But it's not always clear how much the book is claiming to be nonfiction. This graphic novel - or bande dessinée, since it's originally from France - is in the "Life Drawn" series from Humanoids, which I thought meant it was clearly, well, drawn from life. But I just took a look at their website, and the series is described as "Biographies and slice-of-life tales that show us what it means to be human" - and, more specifically, Wander Antunes's adaptation of Twain's short story Man Who Corrupted Hadleyburg, which I read recently, is also included in the program. So my assumption that of course anything published as "Life Drawn" would be nonfiction has been proven to be inoperative.
In other words: this is probably close to true, more or less. But only...kinda.
Superman Isn't Jewish (But I Am...Kinda) is a coming-of-age story told in the first person by a French boy, Benjamin, and covers mostly his youth in the late eighties and early nineties, in a large extended family with a (now-divorced) Jewish father and Catholic mother. It was written by the film director and screenwriter Jimmy Bemon and drawn by Émilie Boudet, first published in France in 2014 (when Bemon also made a related short film with the same name) and translated by Nanette McGuiness for this 2018 English-language edition.

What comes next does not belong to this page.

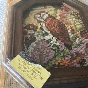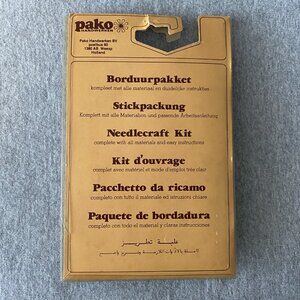 Beautiful embroidery kit that I never ended up using! New in the package, but please note that the embroidery kit is vintage so there are quite a few flaws on the packaging and the frame seems to be coming apart a bit on one corner (please refer to photos!). I also had to repackage it as the plastic casing is tearing a bit, but the actual kit has never been used.

Jimmy is immersed in Jewish culture and history by his father's side of the family, encouraged to believe himself part of a long, storied cultural tradition stretching back five thousand years, one of the chosen people. And he's happy with that part.

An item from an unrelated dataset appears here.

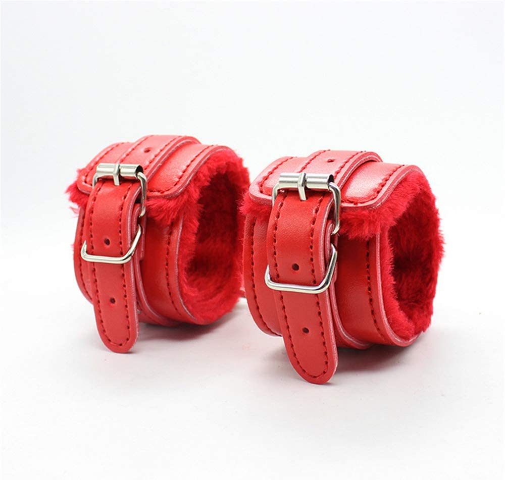 Set Bdsm 7 Piezas Esposas Latigo Bondage Cuerda Cuero Mli Rojo

But being Jewish also meant that he was circumcised at birth - which is vastly less common in France than it is in the US, something Bemon didn't need to point out to his original audience but might make his histrionics come across weirdly to American readers - and so he is Different From Other Boys.
There are other issues as he grows up - undertones of how much "Jewish" means "Zionist" to a bunch of schoolboys, some of whom are Arabic, things like that - but the chopped willy is the big one. Benjamin is worried that, when he ever gets together with a girl, she will point and laugh, and then tell everyone else.

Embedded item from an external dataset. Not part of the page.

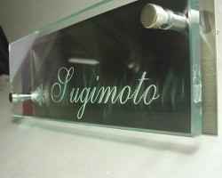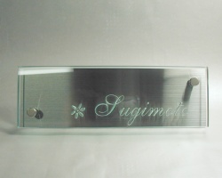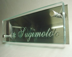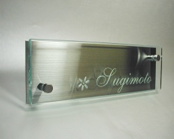 透明ガラスとステンレスの表札250×80 2点飾り止め

Superman Isn't Jewish is relatively short and conversational, like a film driven by a single narrative voice. We don't see a whole lot of Benjamin's young life: just what matters to his possibly-Jewish identity. He has classes with a rabbi, and celebrates his bar mitzvah. There's a moment where he's pulled in to be the tenth man for a minyan. But he doesn't quite feel Jewish, and eventually works up the courage to tell his father that. This is a mostly amiable, positive book, so that goes OK in the end.
I do wonder a bit how much of Jimmy is in Benjamin, and what there is of Jimmy that didn't make it into Benjamin. But that's the inherent question of semi-autobiographical fiction, isn't it? In the end, this is a nice story about a good kid who figured out how he wanted to live and found happiness, in bright colored pencils and big faces from Boudet's art - that's a fine thing to have.